Restate, exactly as written, the entries below from the line that holds "vuex를 설치하고 store를 설정하면 위와 같이 vuex 탭이 보입니다." through the line that holds "A large insulated". Pictures are not part of the copy.

DATA IN THIS EXERCISE:
##########

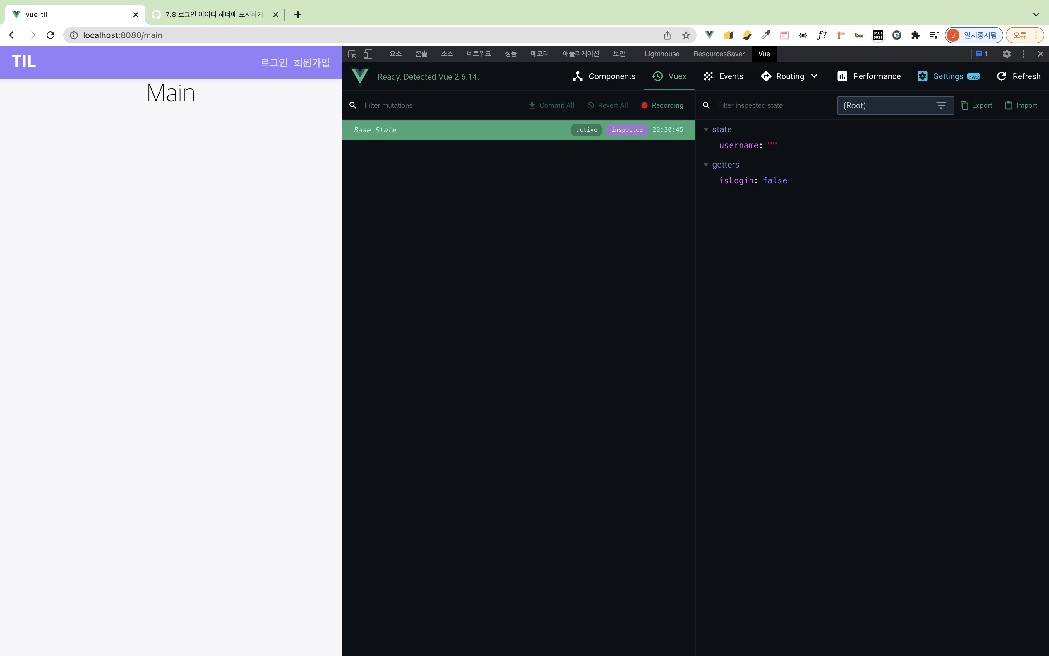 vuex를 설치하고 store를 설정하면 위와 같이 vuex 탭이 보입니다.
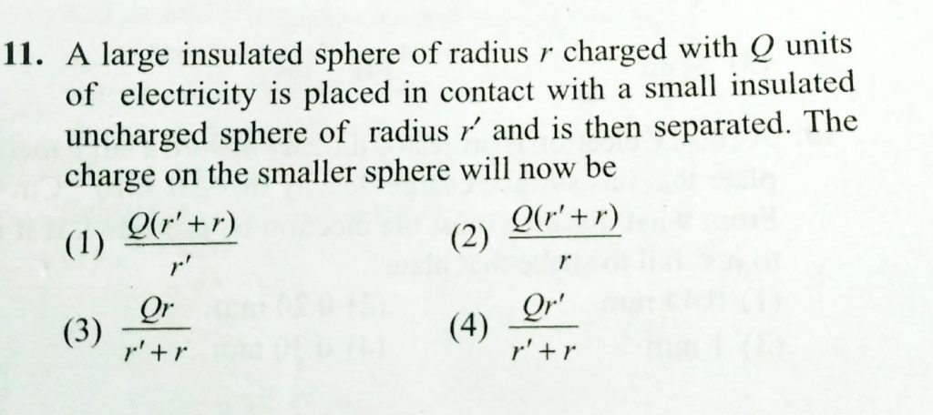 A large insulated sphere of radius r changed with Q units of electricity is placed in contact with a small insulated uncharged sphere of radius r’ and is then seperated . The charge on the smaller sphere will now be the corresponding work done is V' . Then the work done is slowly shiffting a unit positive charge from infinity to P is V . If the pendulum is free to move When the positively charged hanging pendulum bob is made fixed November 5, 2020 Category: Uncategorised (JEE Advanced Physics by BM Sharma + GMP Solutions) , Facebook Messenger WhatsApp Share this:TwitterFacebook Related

##########

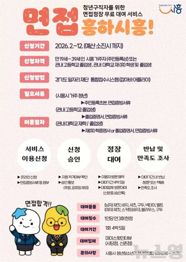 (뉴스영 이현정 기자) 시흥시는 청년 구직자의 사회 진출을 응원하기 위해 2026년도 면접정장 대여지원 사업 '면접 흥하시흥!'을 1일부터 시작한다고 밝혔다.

##########

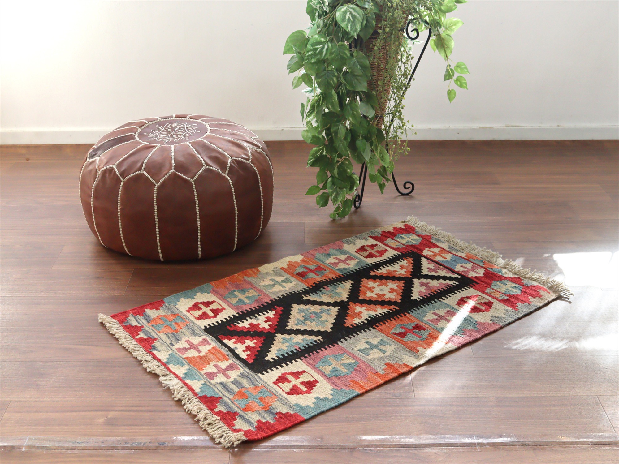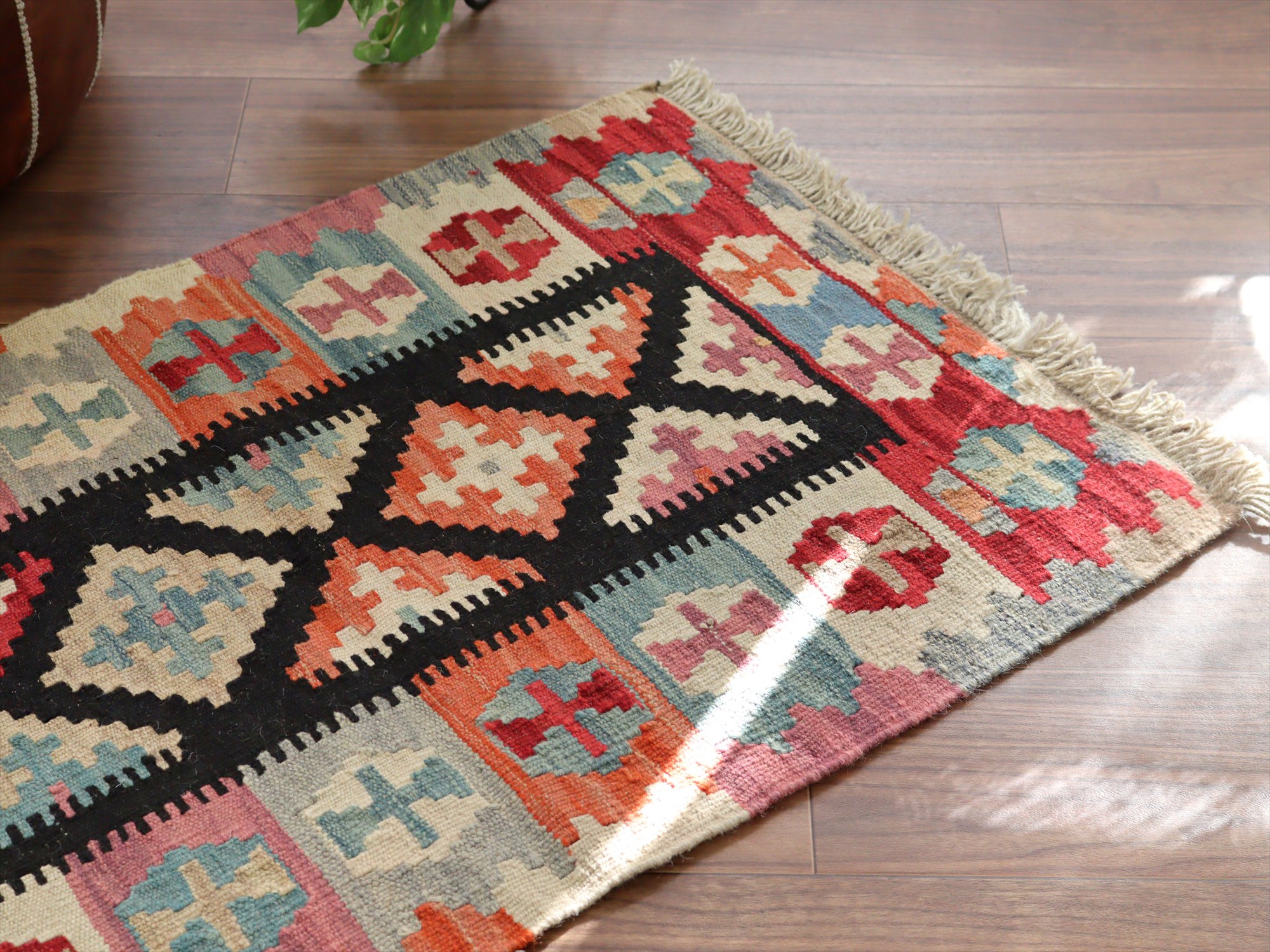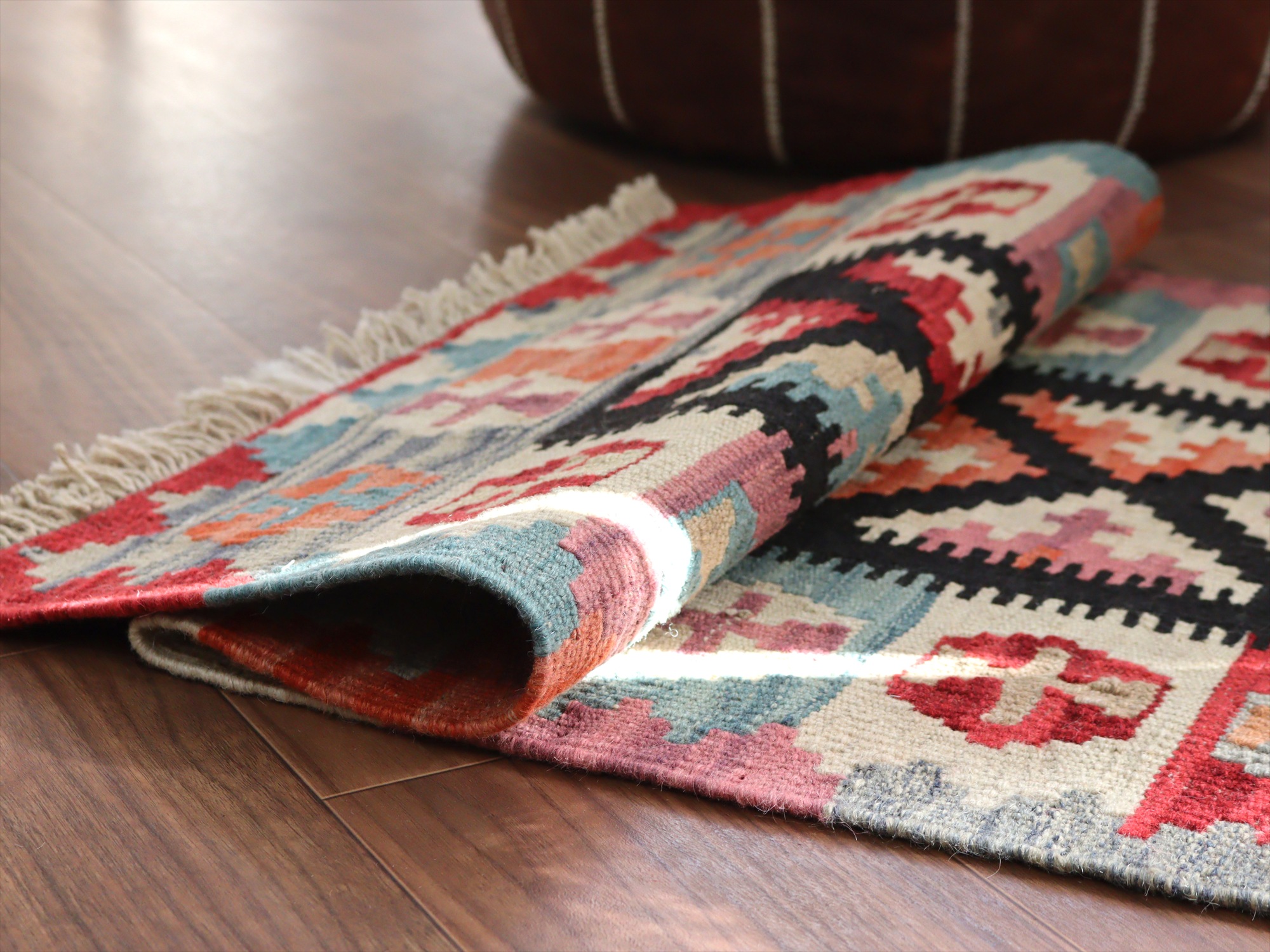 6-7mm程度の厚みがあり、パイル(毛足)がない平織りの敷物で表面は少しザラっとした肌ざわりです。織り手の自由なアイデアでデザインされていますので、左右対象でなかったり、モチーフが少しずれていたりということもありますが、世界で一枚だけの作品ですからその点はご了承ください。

##########

RESPONSE BOX:
 vuex를 설치하고 store를 설정하면 위와 같이 vuex 탭이 보입니다.
 A large insulated sphere of radius r changed with Q units of electricity is placed in contact with a small insulated uncharged sphere of radius r’ and is then seperated . The charge on the smaller sphere will now be the corresponding work done is V' . Then the work done is slowly shiffting a unit positive charge from infinity to P is V . If the pendulum is free to move When the positively charged hanging pendulum bob is made fixed November 5, 2020 Category: Uncategorised (JEE Advanced Physics by BM Sharma + GMP Solutions) , Facebook Messenger WhatsApp Share this:TwitterFacebook Related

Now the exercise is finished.